◆ Material for this task
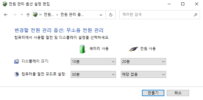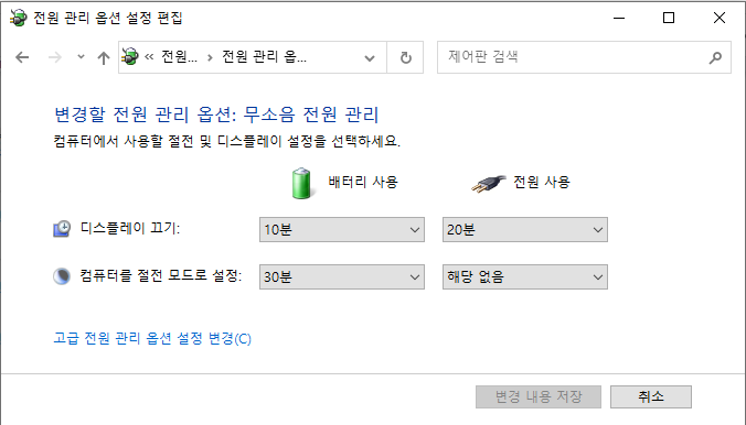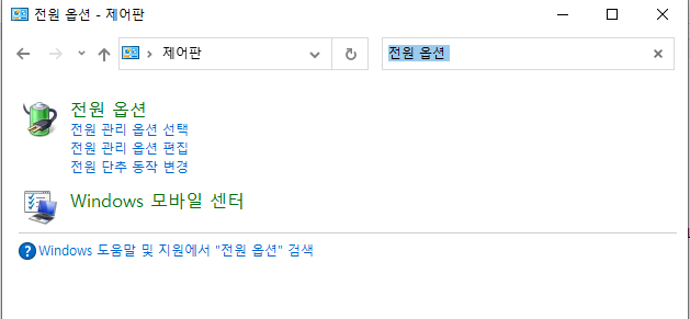 제어판에서 전원 옵션 검색, 전원 옵션 클릭
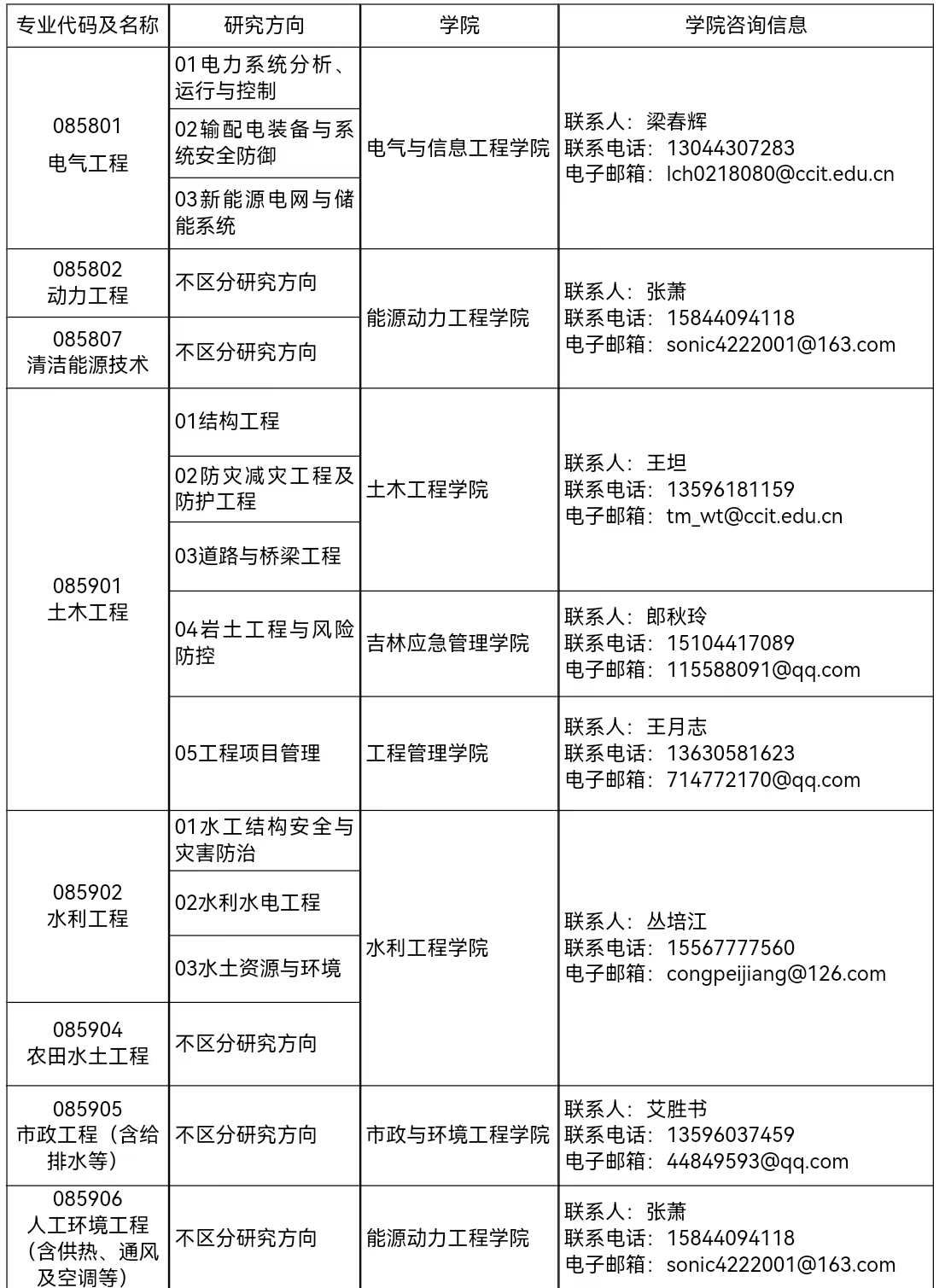 长春工程学院2026年具体调剂专业及研究方向如下表所示:
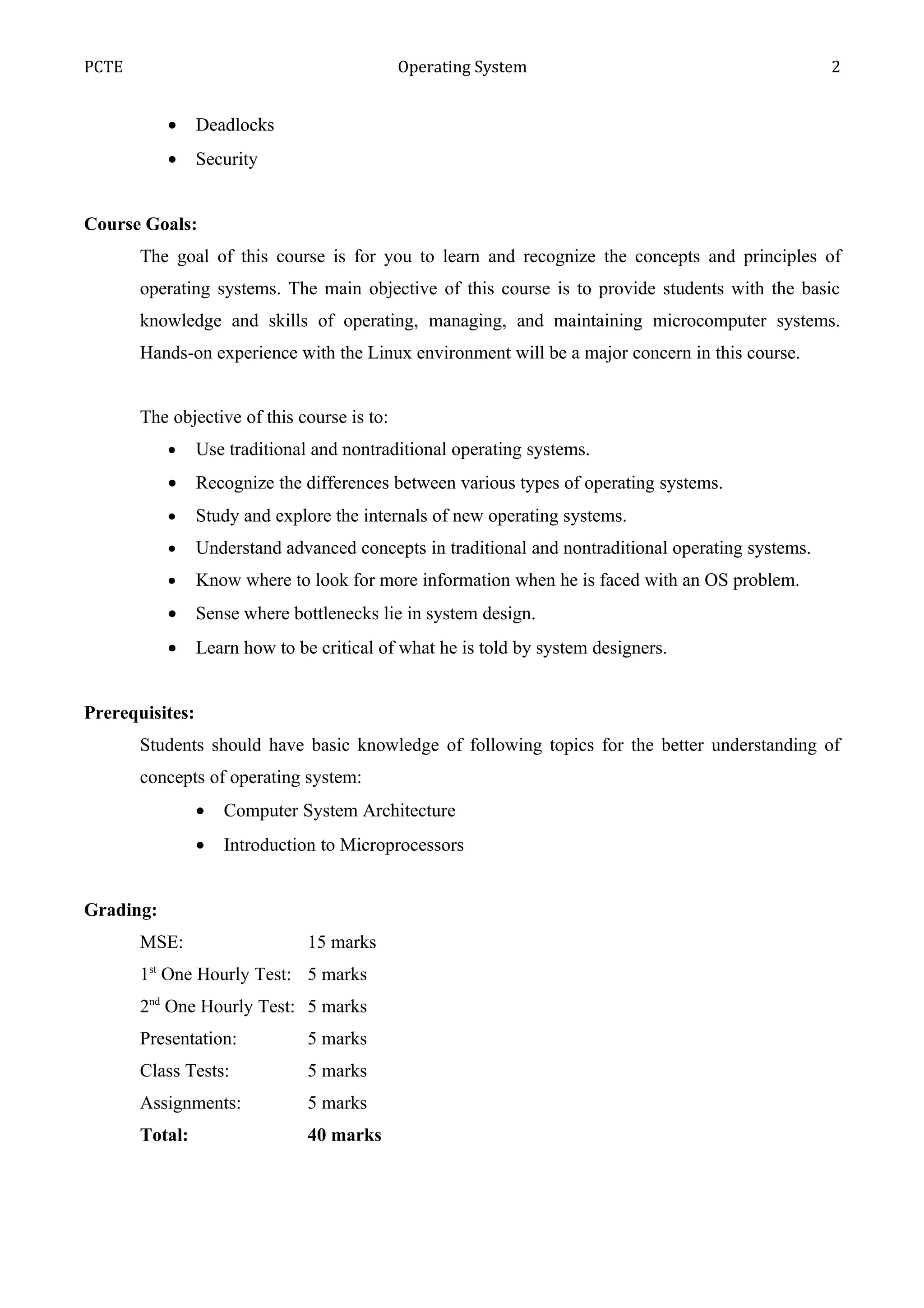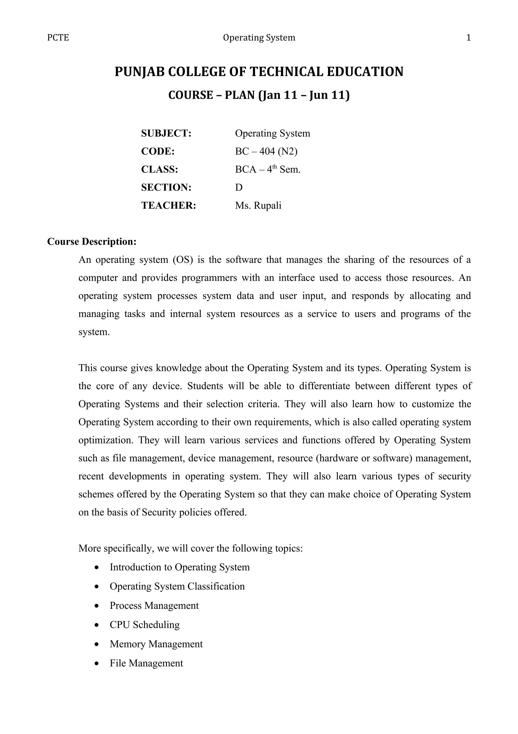 The document provides details about an Operating Systems course being taught at Punjab College of Technical Education. It includes the course code, class, section, teacher, topics to be covered, course goals, prerequisites, grading criteria, rules for assignments, tests, a presentation, class participation, classroom policies, and a course breakup schedule. The main topics to be covered are introduction to operating systems, process management, CPU scheduling, memory management, file management, deadlocks, and security. The goal is for students to learn operating system concepts and principles with hands-on experience using Linux. Grading will include assignments, tests, a presentation, and class participation.
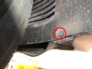 拆下将前裙板 LH 角固定到前饰板的螺母
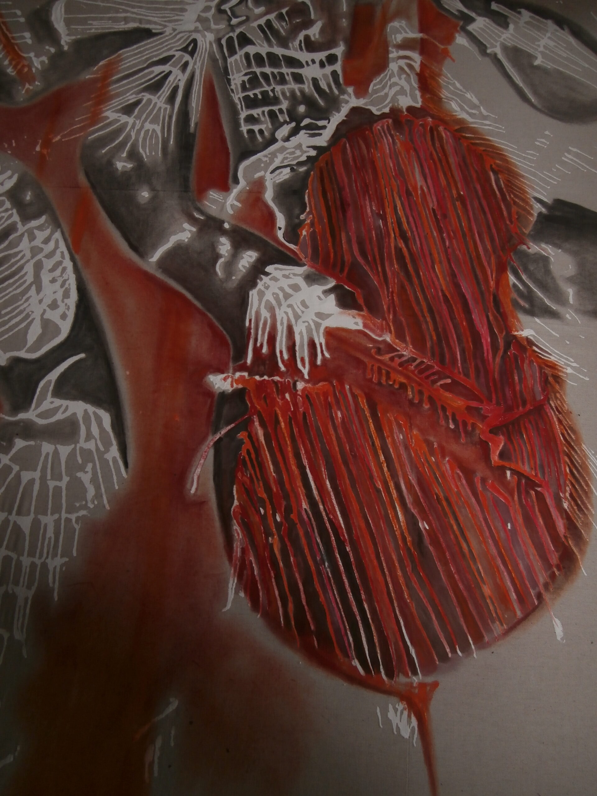 Après lui avoir parlé de mon projet, elle accepta d’y participer. Le rendez-vous fut pris : le groupe Quintile viendrait à mon atelier au Moulin Trumeau et devant les autres Delphine, son violoncelle et moi ferions la performance ; Tout cela était sans compter les problèmes techniques liés à la mise en place de l’installation. D’un seul tenant de tissu-environ 2m de large- draper Delphine sans préparation en position de jouer sur le violoncelle tout en protégeant ce dernier d ‘éventuelles traces de peinture, cela relevait d’un défi difficile à affronter. Après de nombreuses hypothèses infructueuses de mise en place je renonçais à travailler pour une fois sur »le Vivant’ ‘et optais pour un substitut. Je remis en situation mon vieux mannequin, confectionnais un violoncelle de fortune via les photos d’instruments sur internet que j’agrandis à échelle humaine et ainsi mis en place le groupe tant souhaité. Bien que l’enveloppement de l’ensemble s’avère difficile je parvins à positionner le personnage et le violoncelle. La répartition des coulures, sur les volumes crée, pour une fois fut sereine, j’insistais sur l’instrument offrant une belle surface inclinée propice aux écoulements de la peinture. Deux jours furent nécessaires au séchage. Une fois la toile tendue au sol, je pouvais enfin commencer la peinture :la couleur ; son registre je l’ai choisi dans les rouges sombres des terres de Sienne aux laques Rouges carminées entrecoupées de fulgurances roses ; couleurs propres à évoquer la relation sourde et profonde entre l’homme et son instrument.
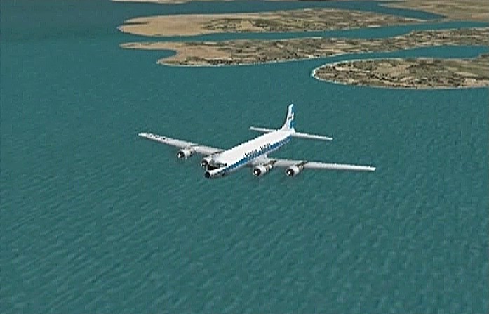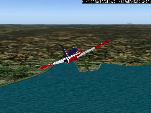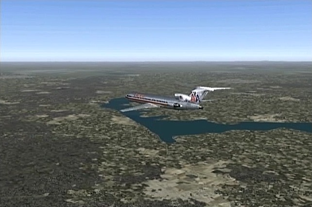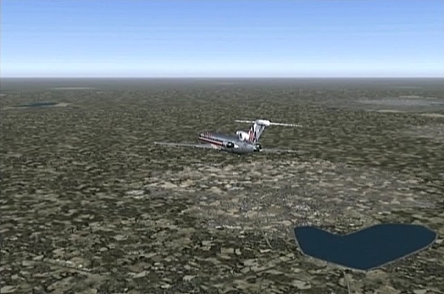 機体はボーイング727を使った。727は−100が好きなのだが入手できてないので−200になった。707やDC−8も使いたいが、一世代前の機体は離陸滑走距離が長く、3000m以上ないと離陸は難しい。練習では離着陸で何度か尾部をぶつけてしまった。機首を上げ過ぎないよう、注意が必要。大体2万数千フィートまで上がると飛行機雲が出るので、その高さを目安に飛行した。
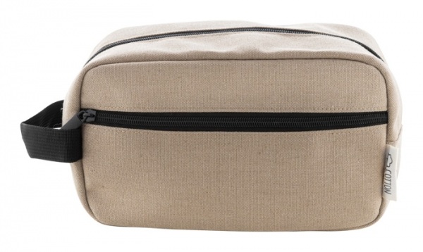Kozmetická taštička z recyklovaného plátna s dvoma priehradkami na zips a rukoväťou. 70% recyklovaná bavlna a 30% RPET polyester. S výrazným štítkom z recyklovanej bavlny.

◆ Description of the task
Having located the line with "機体はボーイング727を使っ", transcribe exactly and only the lines from it to the final line of the material, skipping the pictures.

◆ Completed task
 機体はボーイング727を使った。727は−100が好きなのだが入手できてないので−200になった。707やDC−8も使いたいが、一世代前の機体は離陸滑走距離が長く、3000m以上ないと離陸は難しい。練習では離着陸で何度か尾部をぶつけてしまった。機首を上げ過ぎないよう、注意が必要。大体2万数千フィートまで上がると飛行機雲が出るので、その高さを目安に飛行した。
Kozmetická taštička z recyklovaného plátna s dvoma priehradkami na zips a rukoväťou. 70% recyklovaná bavlna a 30% RPET polyester. S výrazným štítkom z recyklovanej bavlny.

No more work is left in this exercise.